● Data
• • • • •
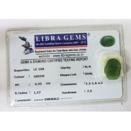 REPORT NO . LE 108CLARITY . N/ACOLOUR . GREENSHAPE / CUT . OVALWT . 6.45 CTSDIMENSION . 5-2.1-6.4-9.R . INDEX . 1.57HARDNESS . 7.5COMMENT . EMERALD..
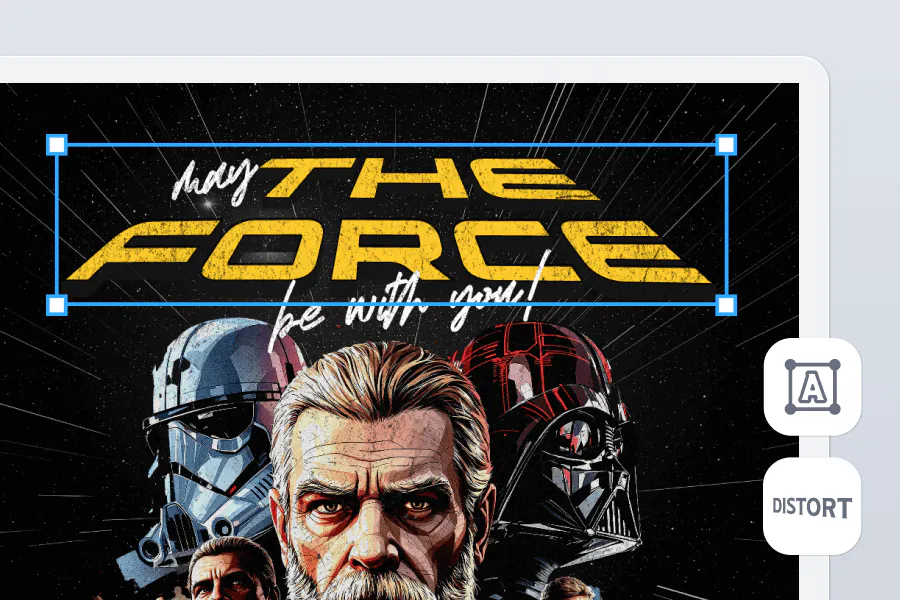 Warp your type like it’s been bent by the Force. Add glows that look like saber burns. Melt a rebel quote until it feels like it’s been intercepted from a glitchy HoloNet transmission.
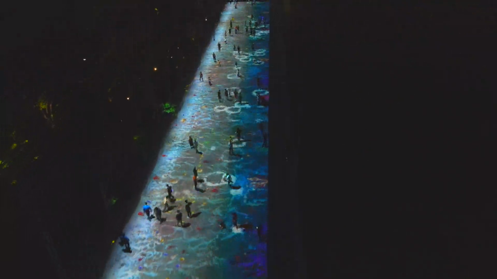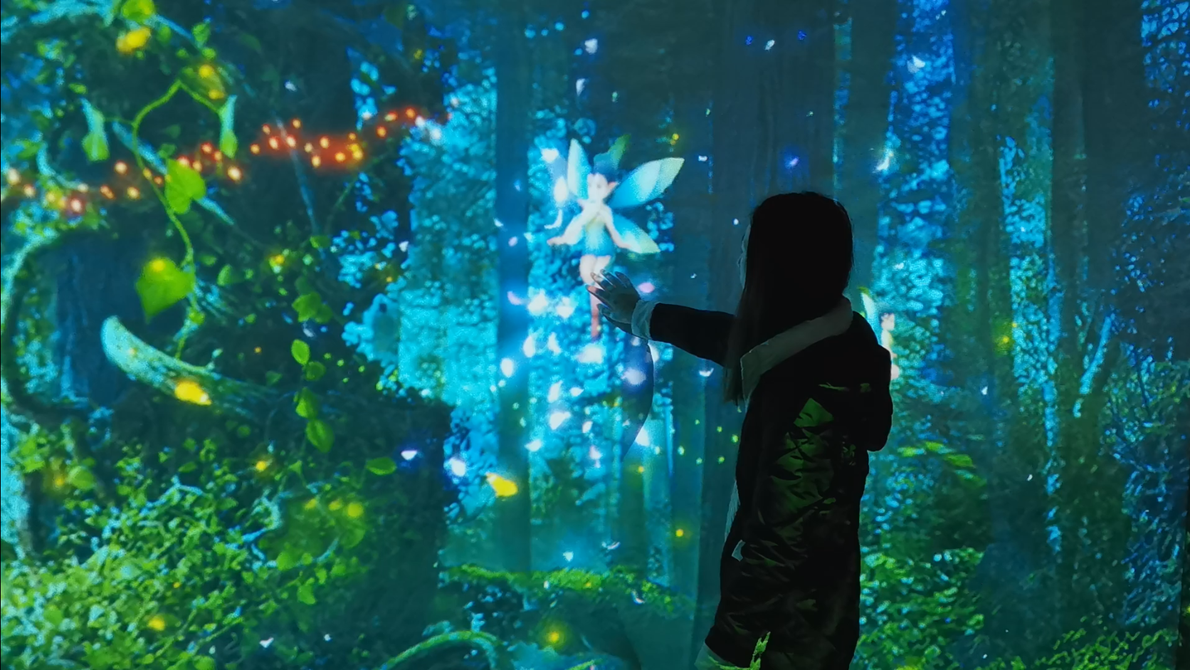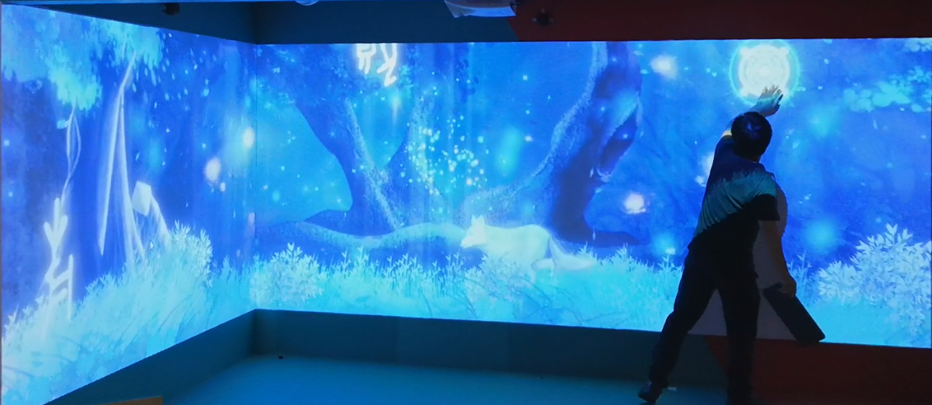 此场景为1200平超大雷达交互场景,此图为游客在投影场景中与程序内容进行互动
• • • • •
● Work instruction
Exactly as they appear above, print all the lines, but not the pictures.

● Answer section
 REPORT NO . LE 108CLARITY . N/ACOLOUR . GREENSHAPE / CUT . OVALWT . 6.45 CTSDIMENSION . 5-2.1-6.4-9.R . INDEX . 1.57HARDNESS . 7.5COMMENT . EMERALD..
 Warp your type like it’s been bent by the Force. Add glows that look like saber burns. Melt a rebel quote until it feels like it’s been intercepted from a glitchy HoloNet transmission.
 此场景为1200平超大雷达交互场景,此图为游客在投影场景中与程序内容进行互动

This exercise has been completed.